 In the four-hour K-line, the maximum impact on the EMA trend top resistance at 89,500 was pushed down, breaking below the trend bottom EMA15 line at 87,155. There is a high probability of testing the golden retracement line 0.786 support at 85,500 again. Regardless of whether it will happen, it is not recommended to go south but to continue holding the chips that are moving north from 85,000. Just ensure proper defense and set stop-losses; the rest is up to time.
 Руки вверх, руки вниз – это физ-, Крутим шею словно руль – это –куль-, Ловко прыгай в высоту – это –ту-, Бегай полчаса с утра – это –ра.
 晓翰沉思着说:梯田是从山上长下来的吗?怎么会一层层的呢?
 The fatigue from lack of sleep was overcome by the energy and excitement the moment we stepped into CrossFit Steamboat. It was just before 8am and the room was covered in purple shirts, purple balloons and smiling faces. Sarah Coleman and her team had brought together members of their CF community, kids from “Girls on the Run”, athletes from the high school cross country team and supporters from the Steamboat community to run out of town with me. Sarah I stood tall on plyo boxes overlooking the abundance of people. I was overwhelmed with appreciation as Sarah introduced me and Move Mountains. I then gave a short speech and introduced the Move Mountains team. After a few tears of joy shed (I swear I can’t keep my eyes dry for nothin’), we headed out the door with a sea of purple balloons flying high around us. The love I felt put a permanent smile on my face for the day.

##############################

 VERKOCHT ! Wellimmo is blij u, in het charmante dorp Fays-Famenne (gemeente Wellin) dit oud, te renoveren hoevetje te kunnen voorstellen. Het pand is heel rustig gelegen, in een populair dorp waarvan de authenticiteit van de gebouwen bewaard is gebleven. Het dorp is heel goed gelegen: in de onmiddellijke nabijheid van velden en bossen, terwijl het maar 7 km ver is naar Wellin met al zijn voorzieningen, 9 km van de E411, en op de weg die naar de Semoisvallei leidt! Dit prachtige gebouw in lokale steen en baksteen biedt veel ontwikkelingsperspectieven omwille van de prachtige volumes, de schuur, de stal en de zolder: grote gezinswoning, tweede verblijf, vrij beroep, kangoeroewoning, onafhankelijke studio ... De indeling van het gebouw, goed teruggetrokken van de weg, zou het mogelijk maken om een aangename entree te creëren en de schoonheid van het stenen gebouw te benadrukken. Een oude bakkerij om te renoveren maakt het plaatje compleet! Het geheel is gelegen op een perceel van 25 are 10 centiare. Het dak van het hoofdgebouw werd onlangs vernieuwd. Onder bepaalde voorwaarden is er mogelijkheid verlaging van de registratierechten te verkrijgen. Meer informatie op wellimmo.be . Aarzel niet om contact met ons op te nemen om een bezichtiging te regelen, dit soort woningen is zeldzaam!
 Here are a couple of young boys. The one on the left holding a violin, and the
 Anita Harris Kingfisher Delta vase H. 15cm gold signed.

##############################

§ What needs to be done
Restate word for word the lines of the data above, starting at the line containing "Here are a couple" and ending at the line containing "Anita Harris Kingfisher", both included, and nothing more.

§ Result of the task
 Here are a couple of young boys. The one on the left holding a violin, and the
 Anita Harris Kingfisher Delta vase H. 15cm gold signed.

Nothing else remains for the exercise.